I think what you’re saying though is that having benchmarks/micro benchmarks that are cheap to run is valuable and in those instruction counts may be the only way to measure a 5% improvement (you’d have to run the test for a whole lot longer to prove that a 5% instruction count improvement is a real 1% wall clock improvement and not just noise). Even criterion gets real iffy about small improvements and it tries to build a statistical model.
> Surely it’s possible to build some benchmark to demonstrate the difference right? Otherwise, what’s the point of making that improvement in the first place?
No, sometimes the improvement you made is like 0.5% faster. It's very very difficult to show that that is actually faster by real wall clock measurements so you have to use a more stable proxy.

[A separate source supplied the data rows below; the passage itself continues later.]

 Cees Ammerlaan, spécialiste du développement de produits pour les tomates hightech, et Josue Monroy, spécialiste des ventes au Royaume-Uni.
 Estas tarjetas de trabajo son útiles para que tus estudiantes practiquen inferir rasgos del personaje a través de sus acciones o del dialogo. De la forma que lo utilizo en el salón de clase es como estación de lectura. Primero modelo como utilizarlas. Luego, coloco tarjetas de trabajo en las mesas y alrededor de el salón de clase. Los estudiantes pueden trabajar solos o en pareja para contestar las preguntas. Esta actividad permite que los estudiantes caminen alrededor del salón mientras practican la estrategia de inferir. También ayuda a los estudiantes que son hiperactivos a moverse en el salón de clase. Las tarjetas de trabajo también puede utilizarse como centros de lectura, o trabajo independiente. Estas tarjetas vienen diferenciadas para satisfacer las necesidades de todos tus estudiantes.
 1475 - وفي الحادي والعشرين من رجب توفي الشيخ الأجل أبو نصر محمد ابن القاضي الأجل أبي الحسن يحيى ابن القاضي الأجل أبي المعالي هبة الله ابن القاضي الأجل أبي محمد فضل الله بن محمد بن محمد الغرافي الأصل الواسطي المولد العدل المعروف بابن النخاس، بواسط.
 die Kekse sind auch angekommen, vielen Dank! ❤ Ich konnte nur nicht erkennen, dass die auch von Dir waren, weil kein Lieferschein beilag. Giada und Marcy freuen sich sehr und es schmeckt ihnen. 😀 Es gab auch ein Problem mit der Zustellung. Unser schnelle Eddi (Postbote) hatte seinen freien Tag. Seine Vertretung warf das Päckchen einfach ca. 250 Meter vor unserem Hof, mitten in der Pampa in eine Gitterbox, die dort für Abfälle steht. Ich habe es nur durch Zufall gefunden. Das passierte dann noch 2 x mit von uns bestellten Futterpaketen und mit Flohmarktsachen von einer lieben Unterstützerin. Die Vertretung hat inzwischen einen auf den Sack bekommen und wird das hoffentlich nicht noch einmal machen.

What's the point of a 0.5% improvement? Well, not much. But you don't do one you do 20 and cumulatively your code is 10% faster.

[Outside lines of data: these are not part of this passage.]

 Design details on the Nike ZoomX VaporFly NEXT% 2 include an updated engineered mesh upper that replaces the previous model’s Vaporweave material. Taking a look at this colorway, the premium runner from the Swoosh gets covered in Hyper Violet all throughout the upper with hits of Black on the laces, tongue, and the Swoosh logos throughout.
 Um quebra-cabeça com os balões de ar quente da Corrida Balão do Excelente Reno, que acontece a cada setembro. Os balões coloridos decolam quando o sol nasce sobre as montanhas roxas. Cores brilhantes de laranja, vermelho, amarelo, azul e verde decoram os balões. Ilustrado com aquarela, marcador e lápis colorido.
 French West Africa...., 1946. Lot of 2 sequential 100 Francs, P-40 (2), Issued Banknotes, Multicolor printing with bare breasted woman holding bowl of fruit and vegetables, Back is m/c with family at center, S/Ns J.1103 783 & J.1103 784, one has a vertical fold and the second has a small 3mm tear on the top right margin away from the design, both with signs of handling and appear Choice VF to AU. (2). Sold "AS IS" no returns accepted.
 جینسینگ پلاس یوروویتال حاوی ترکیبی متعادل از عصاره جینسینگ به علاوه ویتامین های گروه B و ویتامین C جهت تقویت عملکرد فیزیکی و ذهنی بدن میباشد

I really recommend Nicholas Nethercote's blog posts. A good lesson in micro-optimisation (and some macro-optimisation).
> It's very very difficult to show that that is actually faster by real wall clock measurements so you have to use a more stable proxy.
That’s what I’m saying though. You don’t actually need a stable proxy. You should be able to quantify the wall clock improvement but it requires a very long measurement time. For example, a 0.5% improvement amounts to a benchmark that takes 1 day completing 7 minutes earlier. The reason you use a stable proxy is that the benchmark can finish more quickly to shorten the feedback loop. But relying too much on the proxy can also be harmful because you can decrease the instruction count and slow down wall clock (or vice-versa). That’s because wall clock performance is more complex because branch prediction, data dependencies, and cache performance also really matter.
So if you want to be really diligent with your benchmarks (and you should when micro optimizing to this degree), you should validate your assumptions by confirming impact with wall clock time as that’s “the thing” your actually optimizing, not cycle counts for cycle counts sake (same with power if you’re optimizing the power performance of your code or memory usage). Never forget that once a proxy measurement can stop being a good measurement once it becomes the target rather than the thing you actually want to measure.
I think what you’re saying though is that having benchmarks/micro benchmarks that are cheap to run is valuable and in those instruction counts may be the only way to measure a 5% improvement (you’d have to run the test for a whole lot longer to prove that a 5% instruction count improvement is a real 1% wall clock improvement and not just noise). Even criterion gets real iffy about small improvements and it tries to build a statistical model.